Massive coral colonies like the star and brain corals pictured
above can grow to be several meters across and can be several
hundred years old.
Octocorals come in two general
growth forms, encrusting and branching. The branching growth form,
however, has many variations. Examples are sea rods, sea plumes,
sea whips, and sea fans. While most octocorals have a flexible
skeleton with a central core made of a protein called gorgonin,
some have a central core made of tightly bound or fused calcareous
known as spicules. These octocorals are not as common and are
typically not as flexible.
Though growth rates in octocorals
are not as well studied as those of stony corals, the more common
octocoral species in Florida have been found to grow in height
about two centimeters per year.
Coral Nutrition
Many hard corals, and all hermatypic corals, share a symbiotic
relationship, a relationship between two dissimilar
organisms, with microscopic algae called zooxanthellae. These
algae give stony corals their vivid color. Zooxanthellae create
nutrients through photosynthesis and provide important resources to
the coral polyp in exchange for a home within the polyp's living
tissue.
Some octocorals share a symbiotic relationship with
zooxanthellae, which is similar to that of hard corals, however,
many do not. Octocorals that do not have zooxanthellae get their
colors from pigments in the coral polyp or the outer layer of the
skeletal structure.
Both of these groups of corals can use their tentacles to
capture food (plankton). Although acquiring energy in this manner
is more common among octocorals.
Coral Reproduction
Hard corals and octocorals can reproduce both sexually and
asexually.
Sexual reproduction in corals results in the start of a new
coral colony and is accomplished by spawning or brooding. In
spawning, gametes (sperm and egg cells) are released into the water
column where they meet and form larvae which settle to the bottom
and become new coral colonies. In brooding gametes meet and develop
into larvae within a coral polyp and are then released into the
water column to settle and become new coral colonies. Coral species
that spawn do so only once per year. This generally happens in one
mass-spawning event that typically occurs at the end of the
summer.
Asexual reproduction in corals is accomplished either by
fragmentation or by budding. Because corals are colonial animals,
when their skeletons are broken up or fractured the resulting parts
can continue to grow as new colonies. This method of reproduction
is common among branching corals that can break into pieces from
the intense physical stress of storms. These pieces then grow into
new colonies. In this way large stands of branching coral can be
produced. Budding is the process where one coral polyp splits into
two. This is how a coral colony grows from one individual polyp to
many.
Hydrocorals and Black Corals
Two additional groups of corals are the hydrocorals and the
black corals. These two groups of corals are also Cnidarians and
have the same basic body structure as stony corals and
octocorals.
Hydrocorals are found in all the same habitat types that stony
corals are found in. The most common kinds of hydrocorals are the
fire corals. These corals form hard calcium carbonate skeletons
just like stony corals, however their skeletal structure and
arrangement of polyps is much different from that of stony corals.

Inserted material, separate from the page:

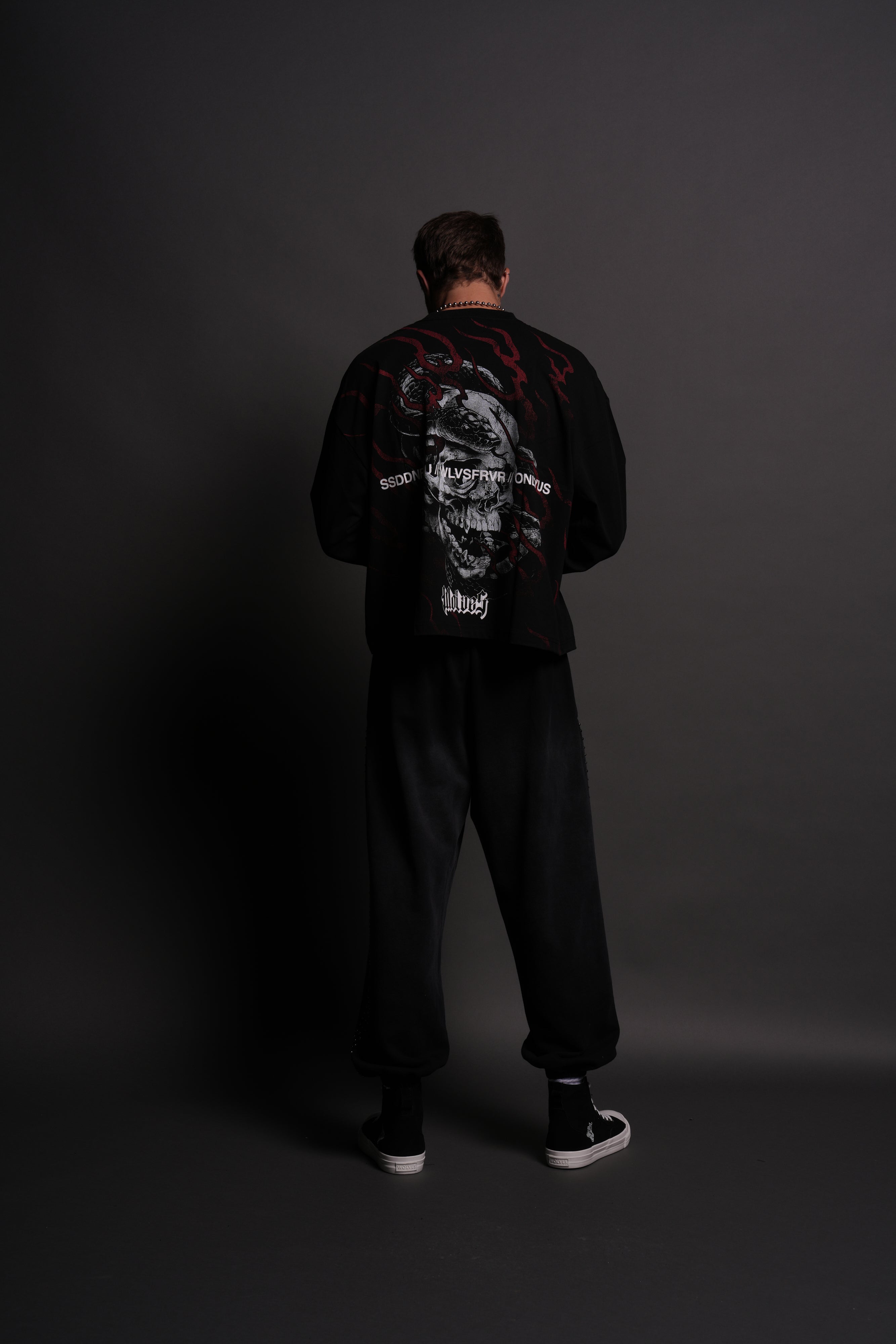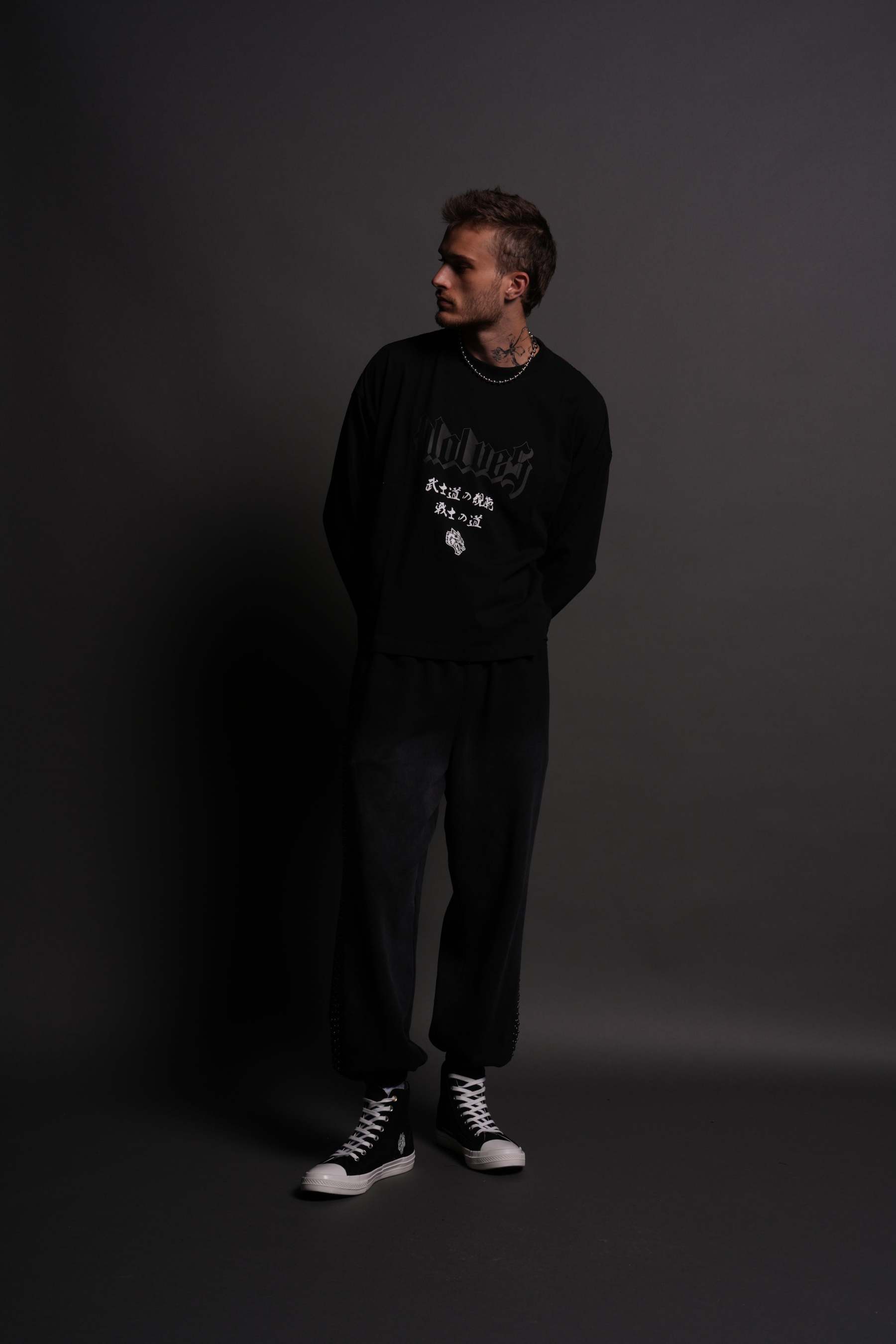Forever Reborn Grunge "Box Cut" L/S Tee in Black
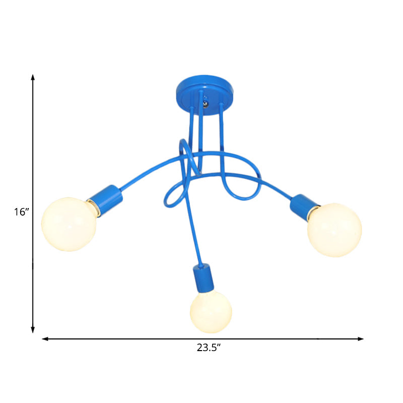 Contemporary Curved Arm Metal Semi Flush Ceiling Lamp - Blue/Red (3/5 Lights) 3 / Blue

While fire corals grow their own skeletal structures they are also
known to encrust substrate and other living organisms and are
commonly observed overgrowing sea fans. Fire corals have unusually
strong stinging cells and can sting snorkelers and divers who brush
up against them.
Black corals are generally thought to live in deeper waters, but
several species do live in shallow areas. These types of corals are
similar in appearance to octocorals and form a skeleton made of
protein, however the skeletal structure of black corals is hard and
inflexible. Black coral polyps are not imbedded in the skeletal
structure as with other types of corals. Because of this the dead
skeleton of black corals has a smooth glossy finish which has led
to the cultivation of these corals for jewelry and other trinkets.
While these slow growing types of corals used to be common in some
areas, they are now rarely seen due to overharvesting.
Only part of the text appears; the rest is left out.